Consumidores aproveitam descontos e o movimento ganha força

Entre as empresas participantes está a rede Agittus Calçados, que oferecerá 30% de desconto em todos os produtos durante a ação. O sócio da empresa, Yago Arrais, afirma que o objetivo vai além das vendas, buscando conscientizar os consumidores sobre o impacto da carga tributária no preço. “Queremos mostrar ao consumidor o peso dos impostos no custo dos produtos”, explica.

Além dos descontos, as lojas investem em ações educativas, treinando equipes e distribuindo materiais que explicam a proposta do movimento. A adesão do público costuma ser rápida: “Os consumidores acabam comprando mais, inclusive aqueles que inicialmente não planejavam comprar. No ano passado, tivemos quase mil clientes a mais”, destaca Yago Arrais.

Outra empresa participante é a rede Lord Perfumaria, especializada em perfumes importados, que faz parte do movimento desde as primeiras edições no DF e oferecerá até 50% de desconto em produtos selecionados. O diretor de franquias, Lucas Muniz, ressalta que a campanha aproxima o consumidor do debate sobre a alta tributação. “Mostramos preços melhores e a diferença que os impostos fazem no custo final”, comenta.

Segundo Lucas Muniz, o Dia Livre de Impostos mostra como produtos antes considerados caros podem ficar mais acessíveis sem a elevada carga tributária. “Vamos demonstrar que esses perfumes e produtos podem ficar mais próximos do consumidor sem impostos altos”, completa.

Os consumidores também têm aprovado a iniciativa. Na capital federal, Lhais Silva e Janaína Duarte foram surpreendidas com a campanha. Janaína, secretária em uma clínica médica, comenta que achou interessante poder comprar alguns produtos sem os impostos. “No próximo ano, vou me programar para aproveitar melhor”, diz.

Lhais Silva, estudante de 22 anos, percebeu os descontos no ano passado e agora entende que eles estavam ligados ao Dia Livre de Impostos. “Eu consegui aproveitar porque estava no shopping e comprei.
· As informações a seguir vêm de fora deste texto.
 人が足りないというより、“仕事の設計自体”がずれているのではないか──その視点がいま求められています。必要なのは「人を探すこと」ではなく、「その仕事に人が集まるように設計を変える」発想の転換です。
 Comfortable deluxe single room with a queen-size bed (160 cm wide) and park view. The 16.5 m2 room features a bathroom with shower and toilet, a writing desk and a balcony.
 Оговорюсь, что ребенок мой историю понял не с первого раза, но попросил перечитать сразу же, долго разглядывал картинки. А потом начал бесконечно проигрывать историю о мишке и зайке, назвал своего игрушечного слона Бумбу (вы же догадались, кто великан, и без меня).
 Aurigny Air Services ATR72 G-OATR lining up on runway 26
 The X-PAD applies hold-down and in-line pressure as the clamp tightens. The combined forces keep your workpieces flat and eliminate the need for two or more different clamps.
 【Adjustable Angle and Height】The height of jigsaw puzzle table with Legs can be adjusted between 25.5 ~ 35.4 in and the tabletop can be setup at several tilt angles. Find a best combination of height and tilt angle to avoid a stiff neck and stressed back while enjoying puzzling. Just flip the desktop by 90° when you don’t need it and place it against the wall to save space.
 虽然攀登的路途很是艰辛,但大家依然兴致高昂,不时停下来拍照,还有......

Vou ficar atenta nas próximas edições e me preparar para o próximo ano”, afirma.

Reforma tributária e competitividade entram na pauta

Além dos descontos, o DLI deste ano traz à tona debates sobre a reforma tributária e o impacto dos impostos nas empresas brasileiras. A CNDL publicou um manifesto apontando que o ambiente de negócios no Brasil ainda enfrenta muita burocracia, insegurança jurídica e alta tributação.

O documento expressa preocupação com o período de transição entre os modelos antigo e novo de tributação, que pode aumentar custos operacionais e complicar a situação fiscal para empresas de todos os tamanhos. Também alerta para o risco de o Brasil ter uma das maiores alíquotas de IVA do mundo.
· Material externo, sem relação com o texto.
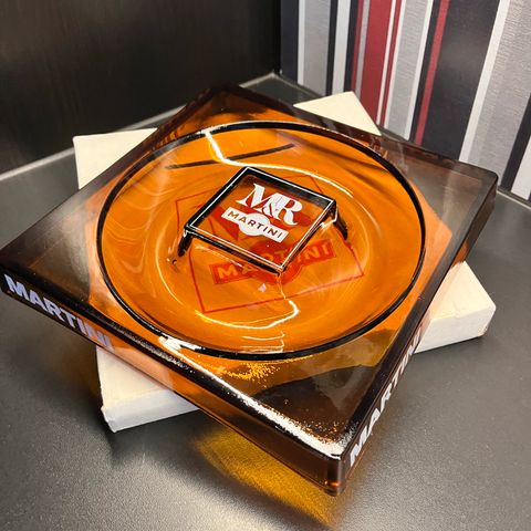 Vintage Martini -tuhkakuppi, keraaminen, harvinainen, neliönmuotoinen tuhka-astia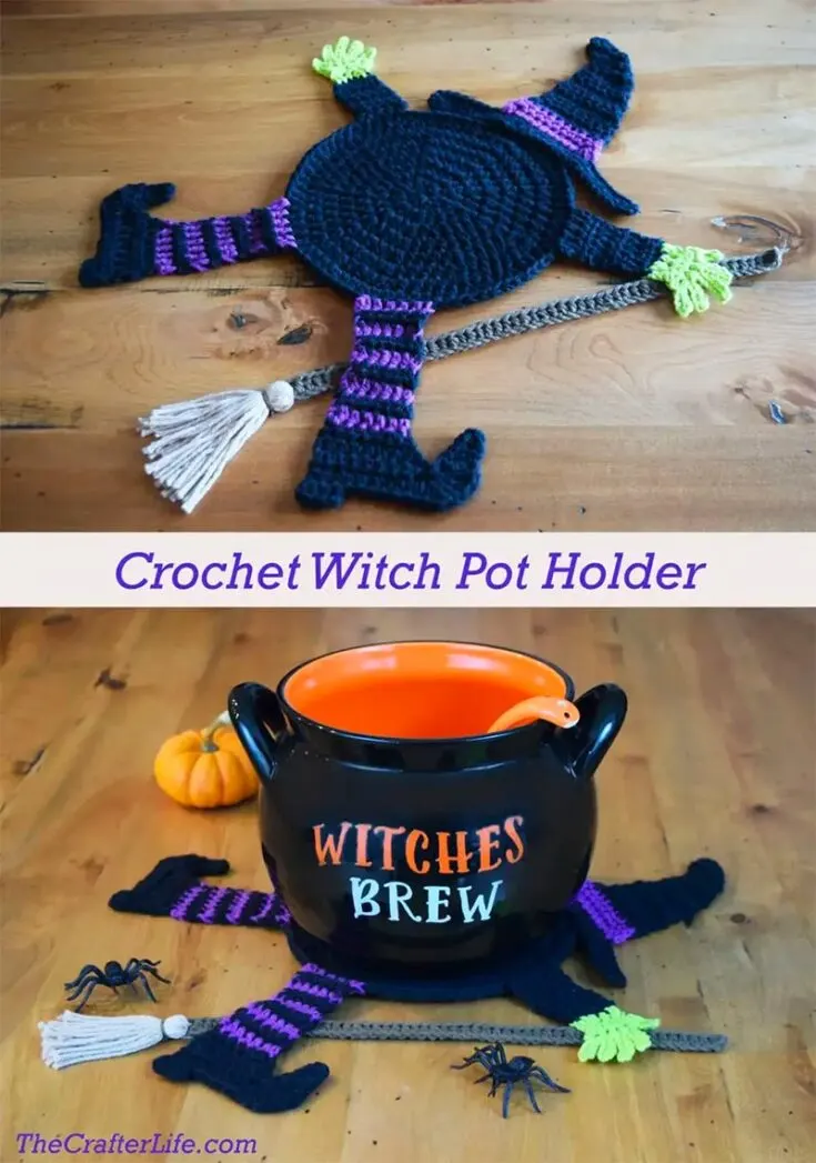 I absolutely love crafts that are practical. This is a witch pot holder crochet pattern that can be used to dissipate the heat from hot pots or pans. I love how creative this pattern is as it's literally a witch squashed/ flattened by your hot pot!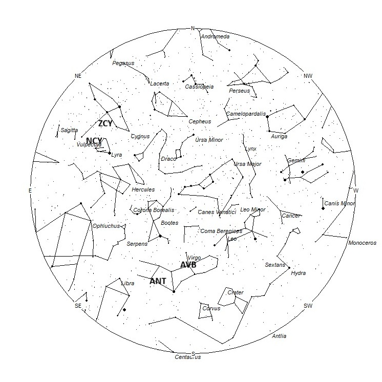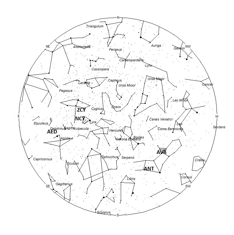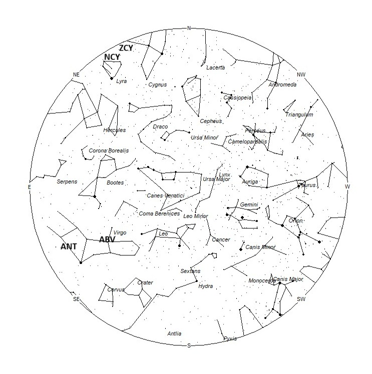 Radiant Positions at 22:00 Local Summer Time

Outro ponto importante é a defesa da isonomia tributária, ou seja, igualdade de impostos entre empresas nacionais e plataformas internacionais de comércio eletrônico, pois os varejistas brasileiros enfrentam uma carga maior que os concorrentes estrangeiros que vendem para o país.

Para os organizadores, o movimento vai além dos descontos: busca causar reflexão sobre competitividade, simplificação dos impostos e o retorno que a população tem sobre os tributos pagos.